* [Directions]: Data follows below. Repeat exactly the lines between the line holding "I started work" and the line holding "В ассортименте представлены", inclusive, and nothing more; drop pictures.

Saved data entries:
**********
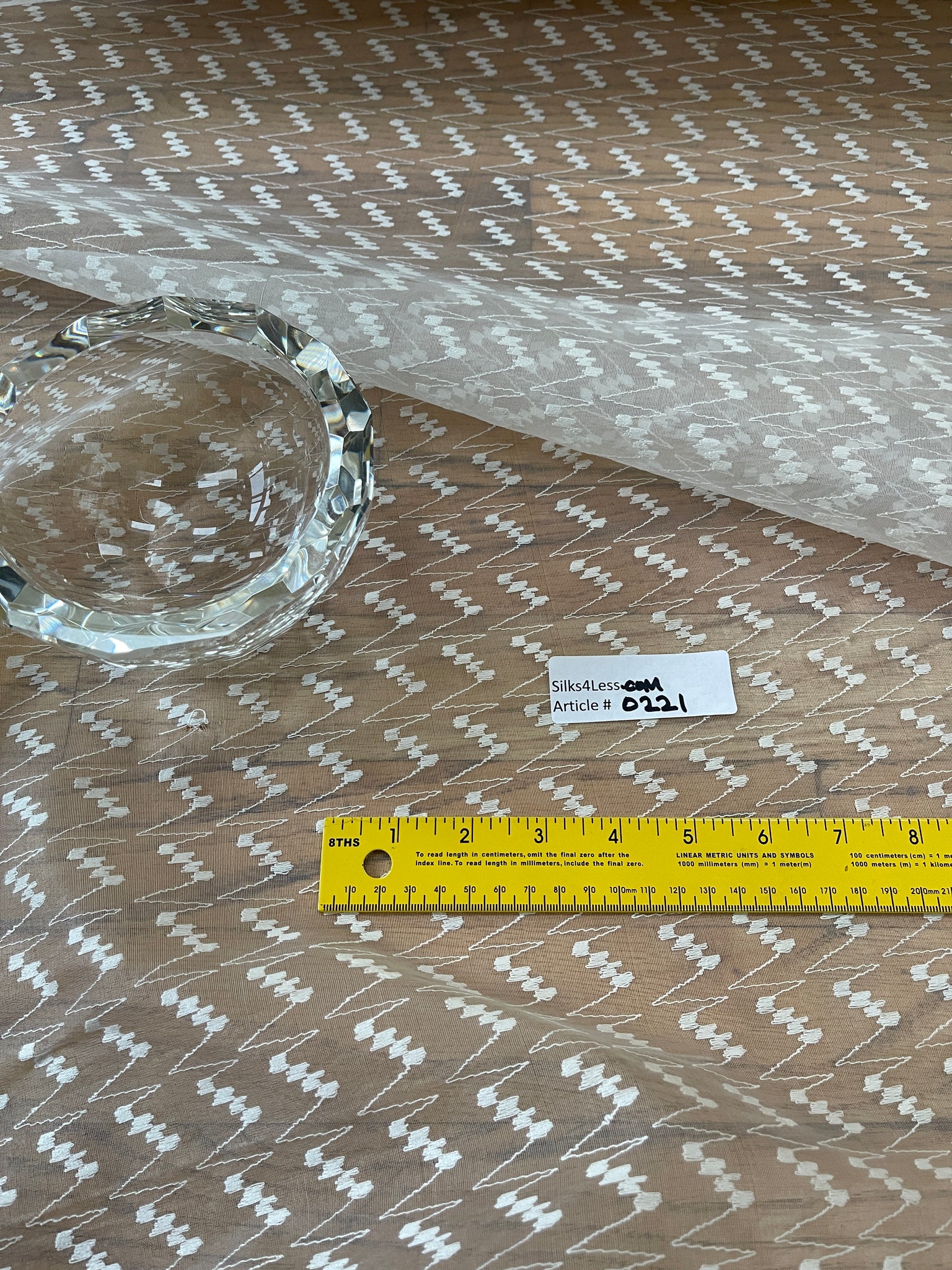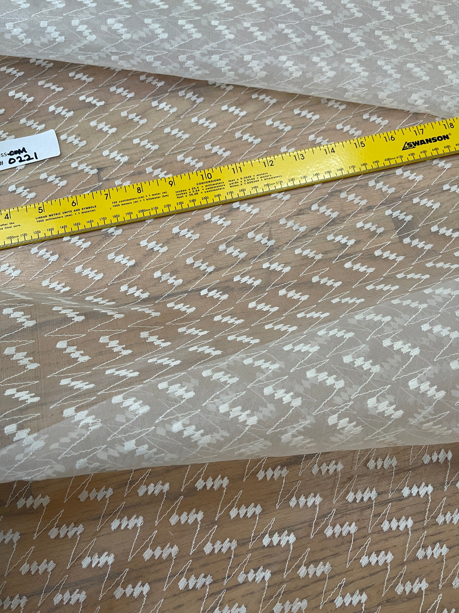 As pretty as the picture - Gorgeous - silk organza White ground, zig zag embroidery design with matching thread, design runs up the roll.
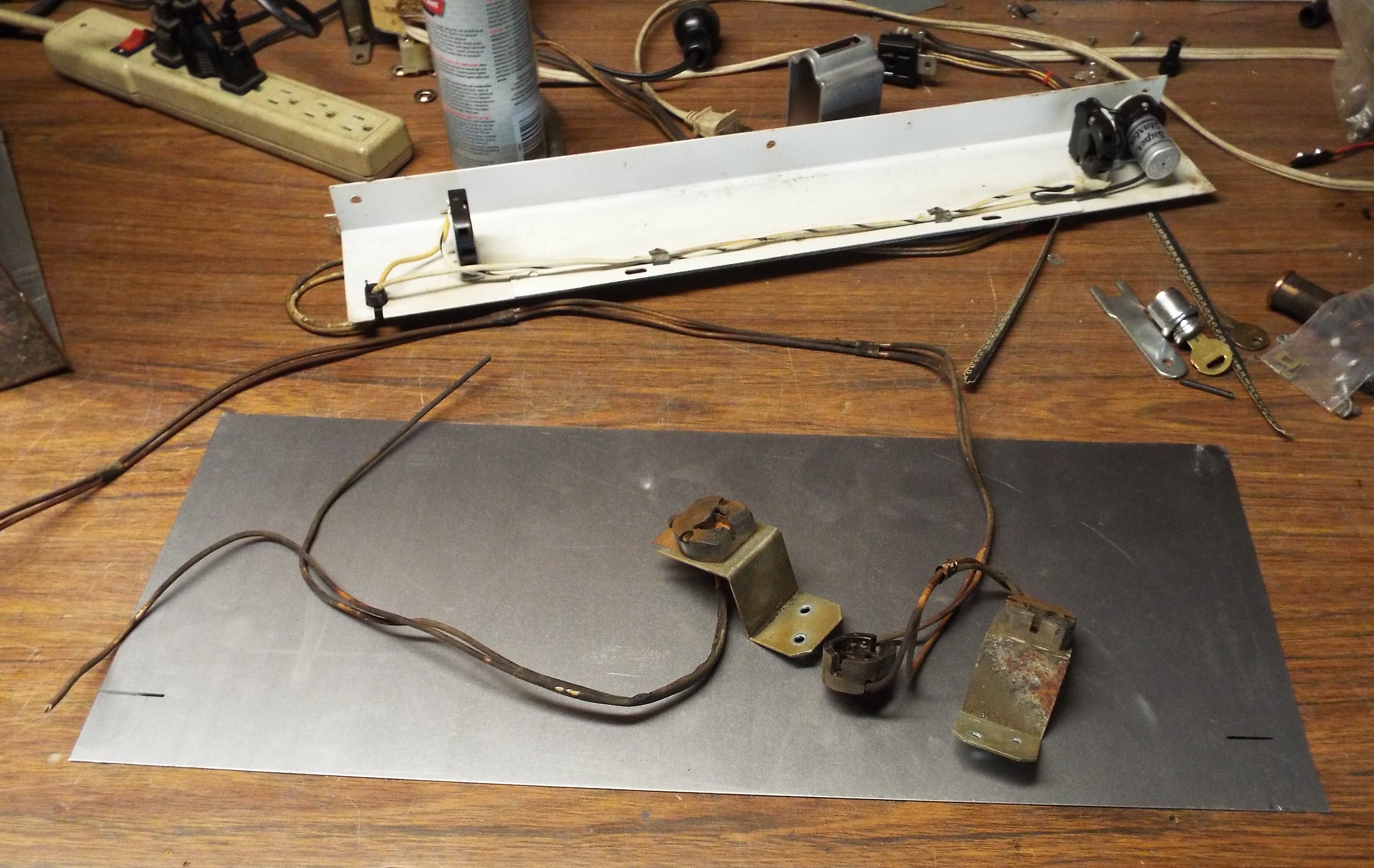 I started work on a fun project. A previous owner had replaced the bottom glass on the SMC2 with a mirror. Fine and good. Those glasses were prone to having all the pretty stuff flake off. Here’s where it gets a little strange. There is a lamp holder underneath that glass. It holds a starter and a 14″ lamp. It was removed and the wires pulled out of the harness loom as well as out of the molex plug. Why they didn’t just take the lamp out and leave everything in place is a mystery. So I get to make a lamp holder. I already have a replacement glass courtesy of Victory Glass and $165. This should be a pretty straightforward process.
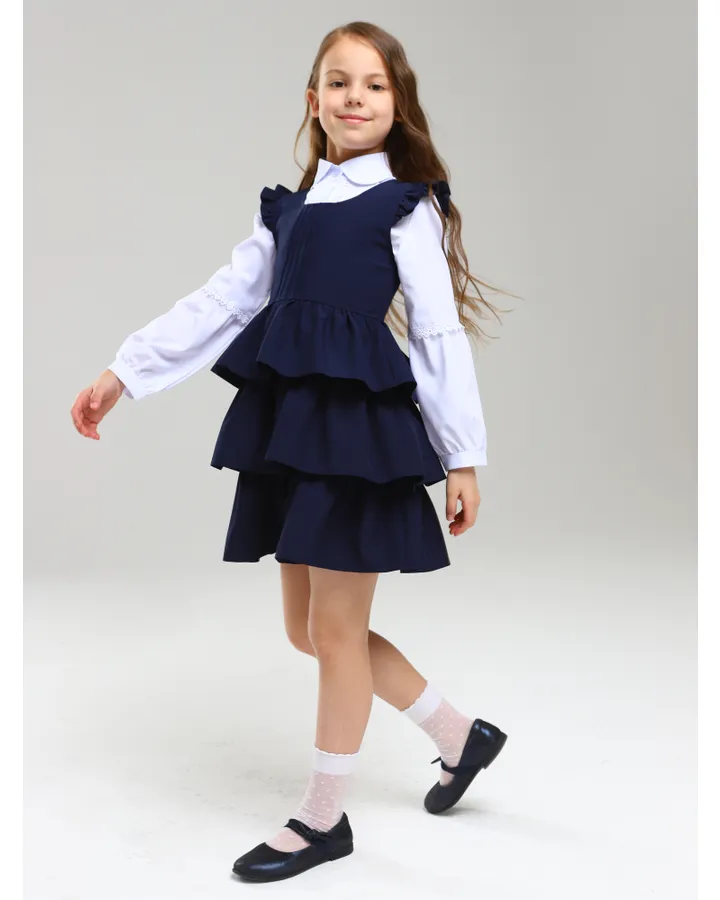 В ассортименте представлены классические оттенки, такие как синий и серый. Для удобства девочек предусмотрены карманы, застежки и ремни, обеспечивающие комфортную посадку на любой рост. Аксессуары, например, галстуки или банты, помогут дополнить школьный лук.
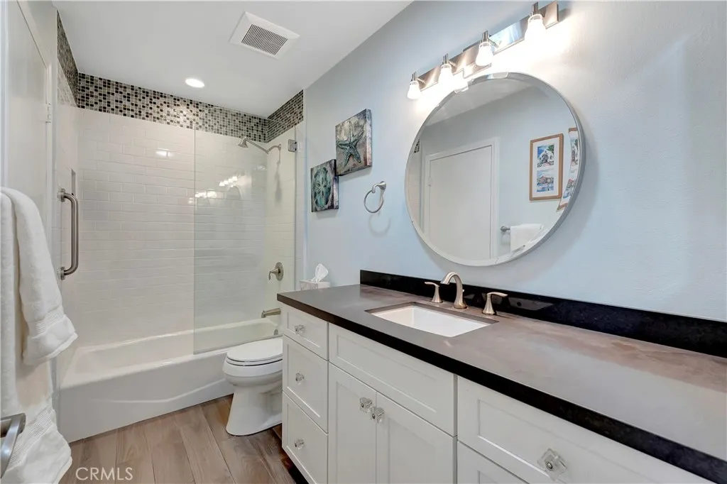 Artists Cottage in Westminster Village Tastefully Updated Two-Story Home! Welcome to this beautifully updated two-story residence in the highly sought-after Westminster Village community, truly embodying the charm of an Artists Cottage. Every detail has been thoughtfully curated, from the inviting front patio to the serene, remodeled backyard retreat. Inside, the home features a bright and open floor plan ideal for entertaining. The spacious living room boasts a romantic fireplace, custom wall paint, scraped ceilings, recessed lighting, and elegant laminate and tile flooring throughout and 1/2 bath first level. The kitchen is a chefs dream, highlighted by a large bay window over the sink that overlooks the tranquil patio, and sliding French doors that open to a private outdoor sitting area. Upstairs, youll find two bedrooms and remodeled 1 full bath with Solar Tube, including an oversized primary suite with a walk-in closet, wall-to-wall mirrored wardrobe, and a built-in organizer. Ceiling fans throughout the home add both style and comfort, while dual-pane windows and plantation shutters enhance energy efficiency and privacy. Additional features include a two-car garage with built-in cabinetry and the refreshing coastal breeze that flows through the home. HOA dues cover fire and earthquake insurance, roof and exterior maintenance, landscaping, and more. Westminster Village offers resort-style amenities including four sparkling pools, tennis courts, three playgrounds, greenbelts, meandering streams, and scenic pathways. The main clubhouse features a large recreation room w
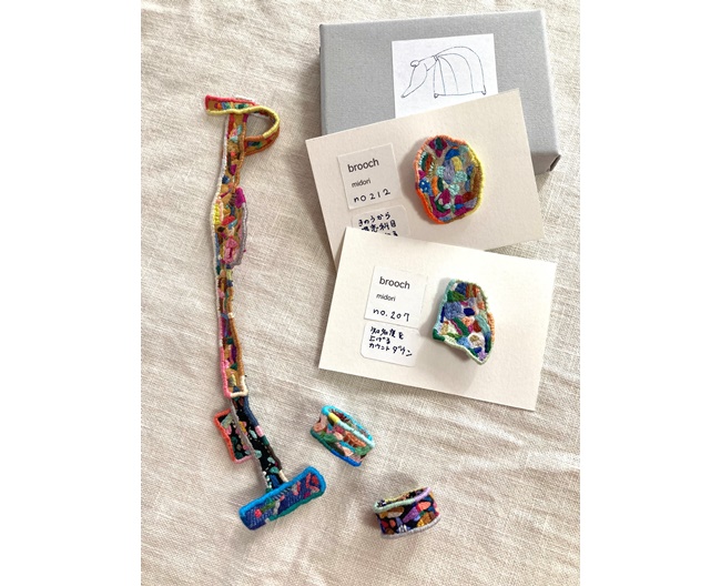 刺繍アクセサリー(ブローチ、指輪、ブレスレット)、カレンダーなどを販売します。毎回下書きはせず、絵を描くように刺繍をしているので一つ一つ形も刺繍も違います。全てに番号と本から集め選んだ言葉を合わせ、作品と観る買う人の心にきっかけを残せる作品を製作しています。
**********
* [Task solution]:
 I started work on a fun project. A previous owner had replaced the bottom glass on the SMC2 with a mirror. Fine and good. Those glasses were prone to having all the pretty stuff flake off. Here’s where it gets a little strange. There is a lamp holder underneath that glass. It holds a starter and a 14″ lamp. It was removed and the wires pulled out of the harness loom as well as out of the molex plug. Why they didn’t just take the lamp out and leave everything in place is a mystery. So I get to make a lamp holder. I already have a replacement glass courtesy of Victory Glass and $165. This should be a pretty straightforward process.
 В ассортименте представлены классические оттенки, такие как синий и серый. Для удобства девочек предусмотрены карманы, застежки и ремни, обеспечивающие комфортную посадку на любой рост. Аксессуары, например, галстуки или банты, помогут дополнить школьный лук.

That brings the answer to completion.